WHAT TO DO:
Once the pictures are set aside, copy the data below exactly as it stands.

DATASET EXCERPT:
'''

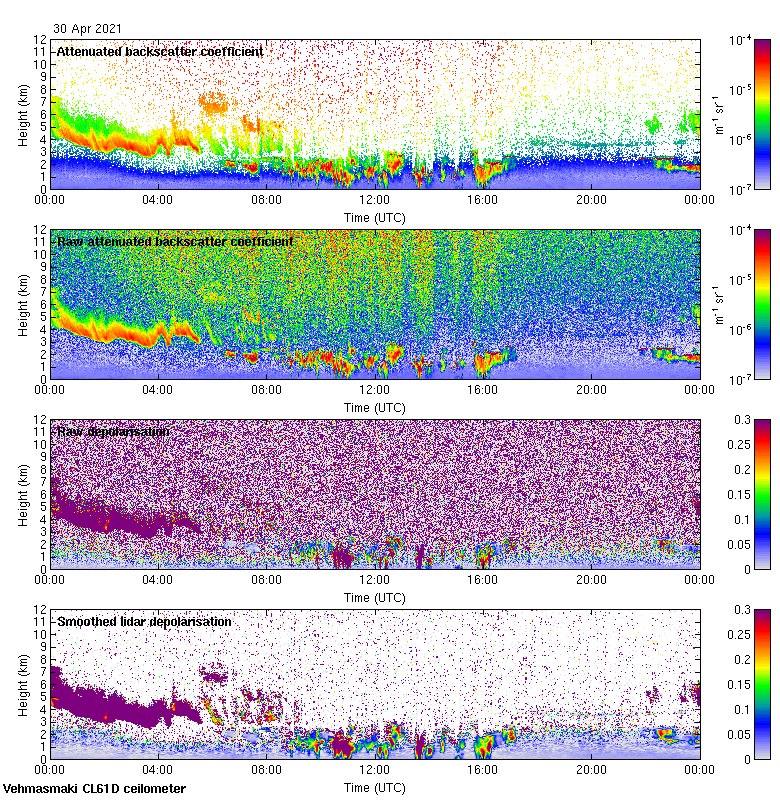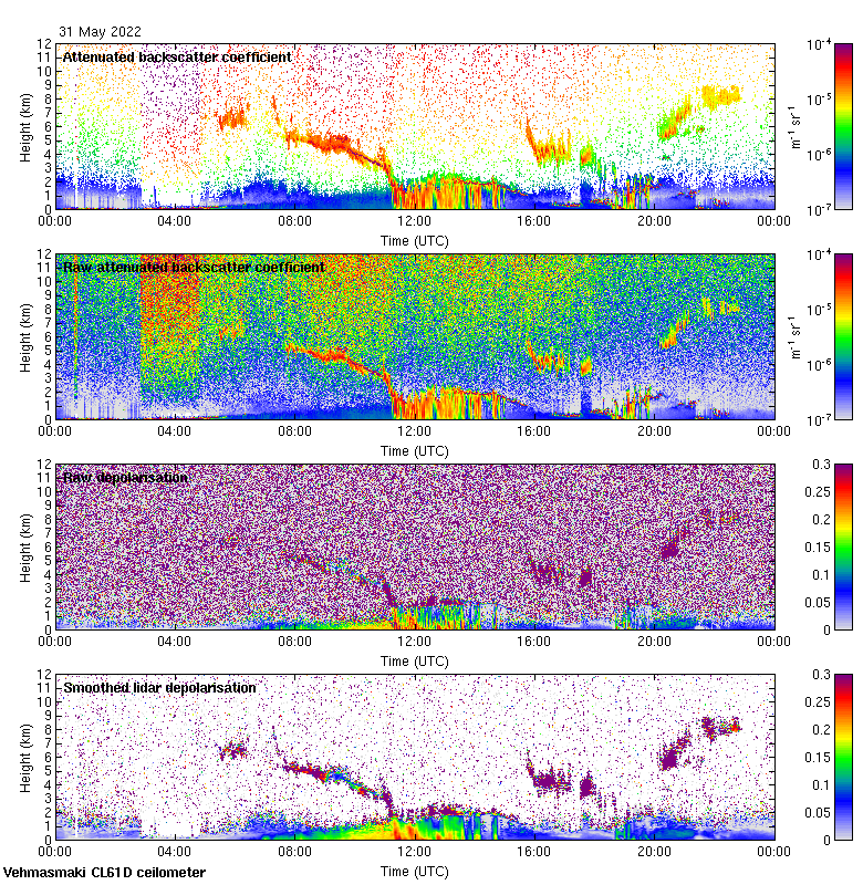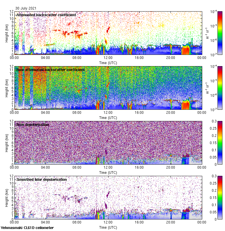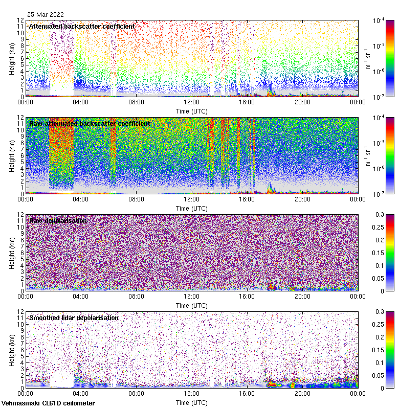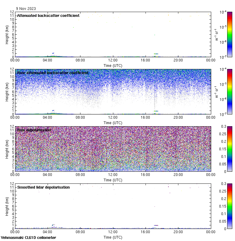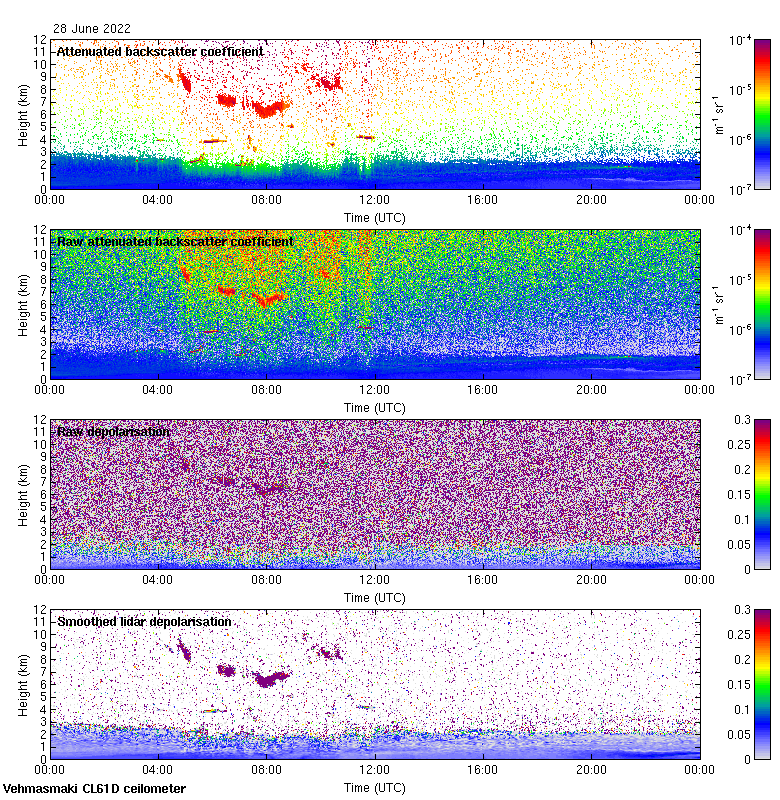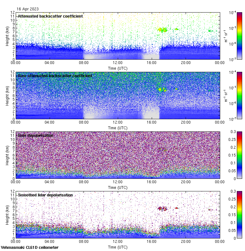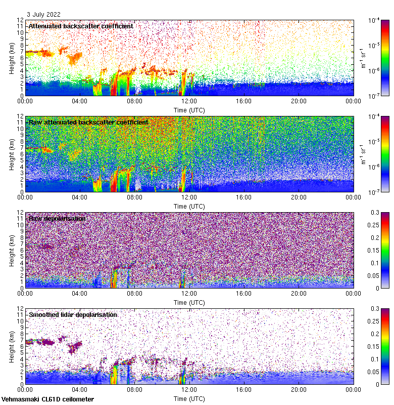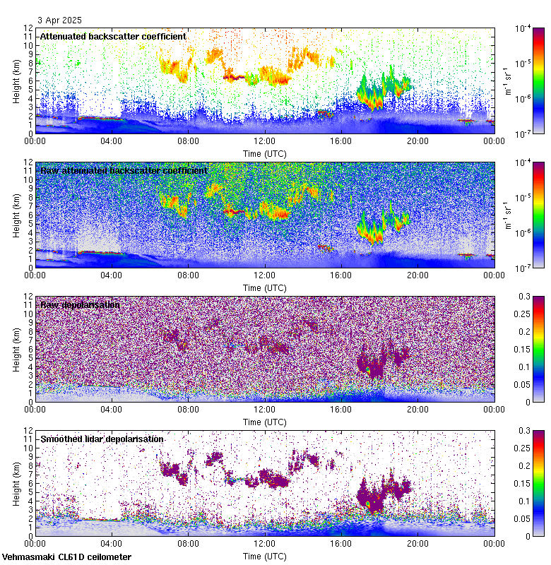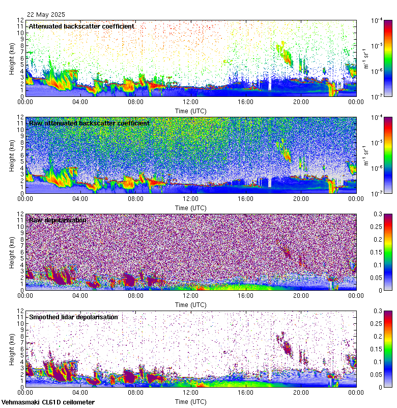 This page contains links to the daily Vehmasmaki Vaisala CL61D ceilometer images created at Kumpula.
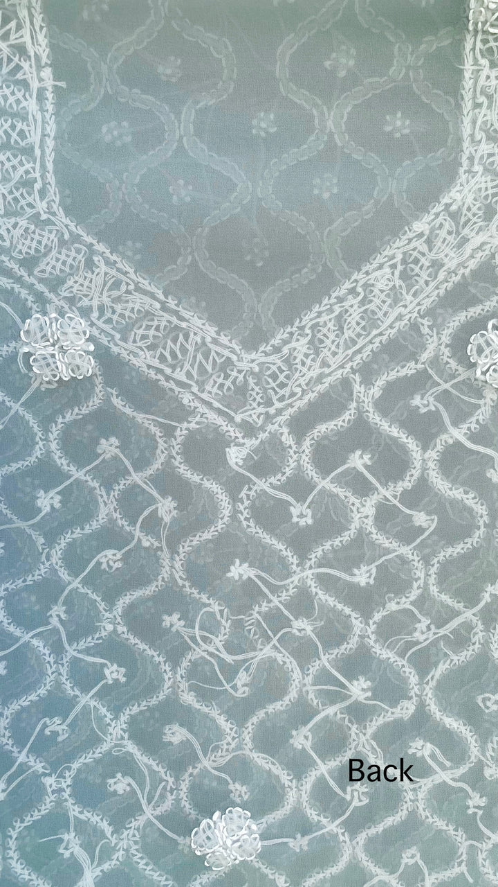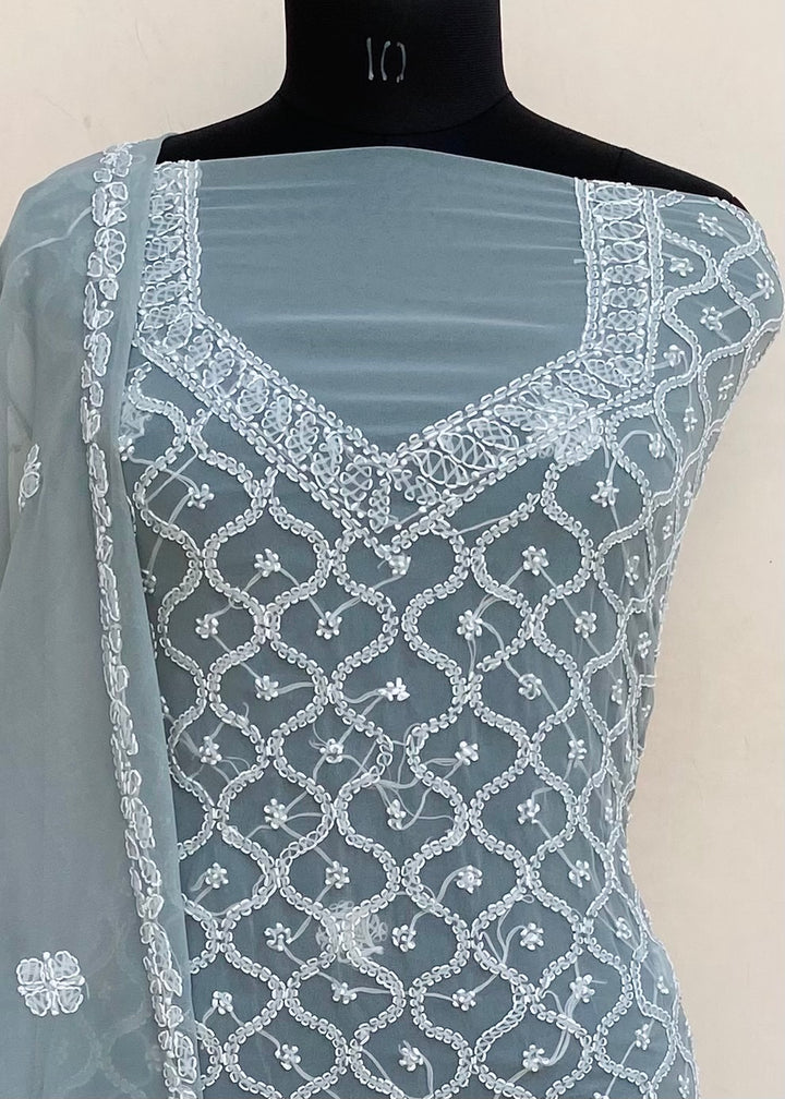 Lucknowi Chikankari Suit Length 3 Piece Gray Georgette With Embroidered Georgette Dupatta & Embroidered Same Colour Georgette Bottom
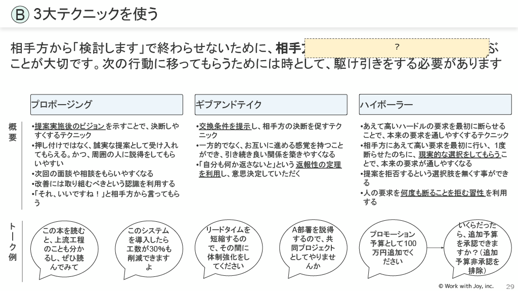 コネクティングを上手く進めるコツ:相手方のメリットを振り返る→お互いのアクションを提案→同意を得る、という流れを意識し、必要に応じて「プロポージング」「ギブアンドテイク」「ハイボーラー」の3大テクニックを使います。

'''

WRITTEN SOLUTION:
 This page contains links to the daily Vehmasmaki Vaisala CL61D ceilometer images created at Kumpula.
 Lucknowi Chikankari Suit Length 3 Piece Gray Georgette With Embroidered Georgette Dupatta & Embroidered Same Colour Georgette Bottom
 コネクティングを上手く進めるコツ:相手方のメリットを振り返る→お互いのアクションを提案→同意を得る、という流れを意識し、必要に応じて「プロポージング」「ギブアンドテイク」「ハイボーラー」の3大テクニックを使います。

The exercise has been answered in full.